В ту зиму нам пришлось уехать недели на две, и Владимир Владимирович отвез на это время Щенку к знакомым.
В первый же день, как вернулись, поехали за ним.
Мы позвонили у двери, но Щен не ответил на звонок обычным приветственным лаем…
Нас впустили – Щен не вылетел встречать нас в переднюю…
Владимир Владимирович, не раздеваясь, шагнул в столовую.
На диване, налево, сидела тень Щена. Голова его была повернута в нашу сторону. Ребра наружу. Глаза горят голодным блеском. – Так представляют себе бродячих собак на узких кривых улицах в Старом Константинополе.
Никогда не забуду лицо Владимира Владимировича, когда он увидел такого Щена. Он кинулся, прижал его к себе, стал бормотать нежные слова.
И Щеник прижался к нему и дрожал.
Опять ехали на извозчике, и Владимир Владимирович говорил:
– «Нельзя своих собаков отдавать в чужие нелюбящие руки. Никогда не отдавайте меня в чужие руки. Не отдадите?»
Через несколько дней Щенка отошел и стал лучше прежнего…
Лиля Брик и Щен.
«В ту зиму нам пришлось уехать недели на две, и Владимир Владимирович отвез на это время Щенку к знакомым. В первый же день, как вернулись, поехали за ним. Мы позвонили у двери, но Щен не ответил на звонок обычным приветственным лаем…» Из воспоминаний Л. Брик
Щенке был год, когда он пропал, и разнесся слух, что его убили. Володя поклялся застрелить убийцу, если узнает его имя. Володя вспомнил добрым словом «собаку Щеника» во 2-й части «Хорошо».
А прозвище Щен Маяковский получил после одного случая.
«Маяковский задумал прочесть доклад о футуризме.

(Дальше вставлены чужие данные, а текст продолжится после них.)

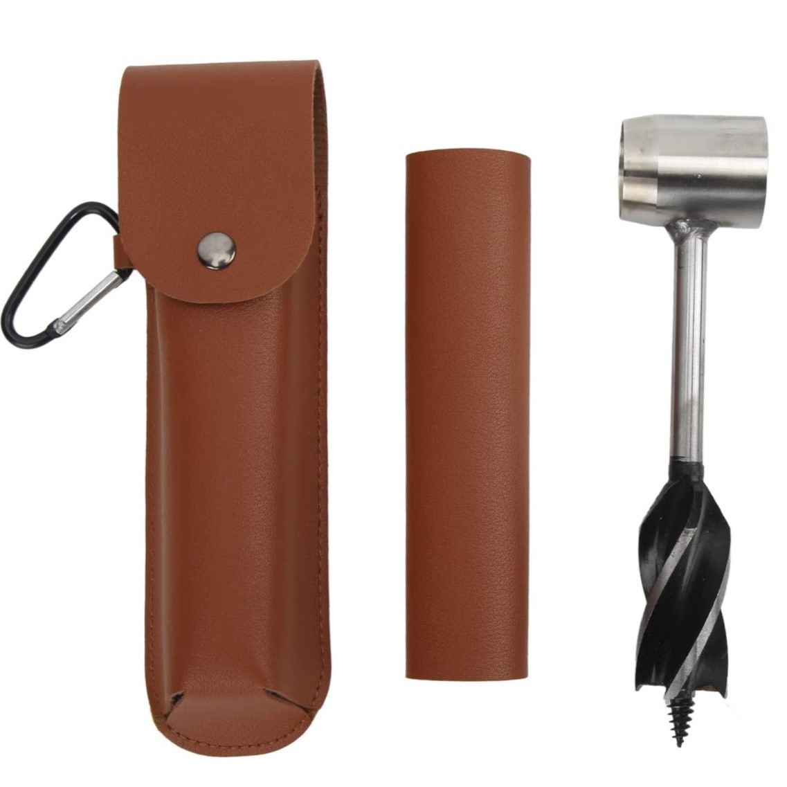 The auger wrench comes with a belt-attachable storage pouch for convenient storage and transportation. It features simple operation - just turn the wood auger to the desired location and use a wooden stick for leverage to drill. Constructed with durable, hardened stainless steel, this multi-tool is suitable for a variety of outdoor activities, including making fishing traps, chairs, wine glasses, and even cottages. It makes a great gift for outdoor enthusiasts and jungle craftsmen.

Для этой цели выбрали самую большую из знакомых квартир – художницы Любавиной, позвали всех: Горького, Кульбина, Матюшина. Володя несколько дней готовился, ходил, «размозолев от брожения», и записывал доклад как стихи.

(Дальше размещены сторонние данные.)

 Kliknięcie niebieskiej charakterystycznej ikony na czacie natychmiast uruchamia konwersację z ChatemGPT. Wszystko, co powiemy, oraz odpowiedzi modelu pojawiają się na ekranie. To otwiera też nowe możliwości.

Народу собралось человек тридцать, расселись. Володя ждал в соседней комнате, как за кулисами. Все затихло, и перед публикой появился оратор. Он стал в позу и произнес слишком громко: «Милостивые государи и милостивые государыни», – все улыбнулись, Володя выкрикнул несколько громящих фраз, умолк, чуть не заплакал и ушел из комнаты.

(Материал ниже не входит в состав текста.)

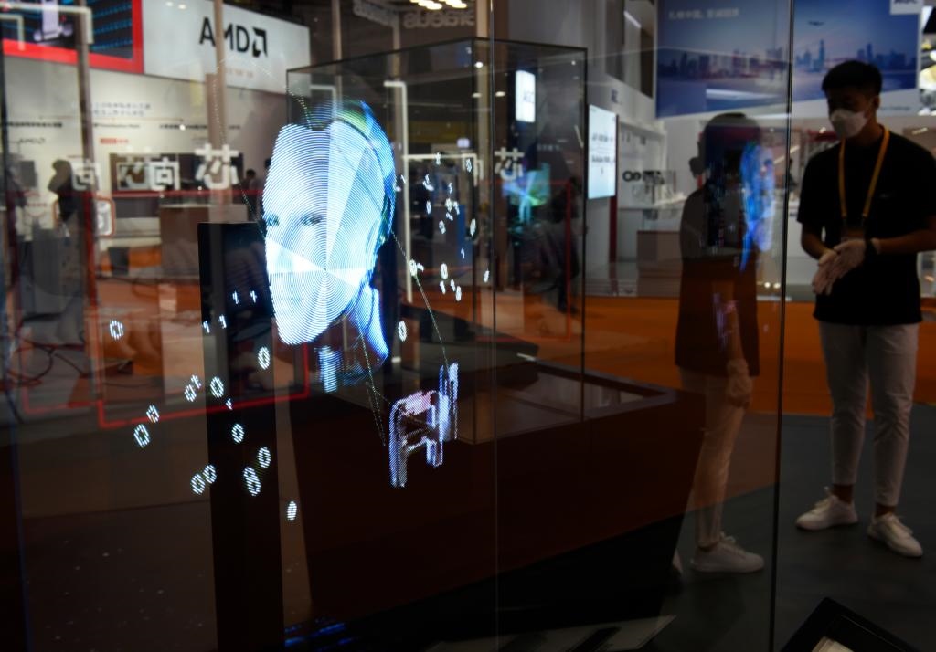 這是2021年11月5日在第四屆進(jìn)博會(huì)技術(shù)裝備展區(qū)SK海力士展臺(tái)拍攝的芯片應(yīng)用展示。新華社記者徐亮攝

Сгоряча он не рассчитал, что соберутся друзья, что орать не на кого и не за что, что придется делать доклад в небольшой комнате, а не агитировать на площади. Его успокаивали, утешали, поили чаем. Совсем он был еще тогда щенок, да и внешностью ужасно походил на щенка: огромные лапы и голова, – и по улицам носился, задрав хвост, и лаял зря, на кого попало, и страшно вилял хвостом, когда провинится. Мы его так и прозвали Щеном, – он даже в телеграммах подписывался Счен, а в заграничных Schen. Телеграфисты недоумевали, и почти на каждой его телеграмме есть служебная приписка: «да – счен, верно – счен, странно – счен» (Л. Брик. «Пристрастные рассказы»).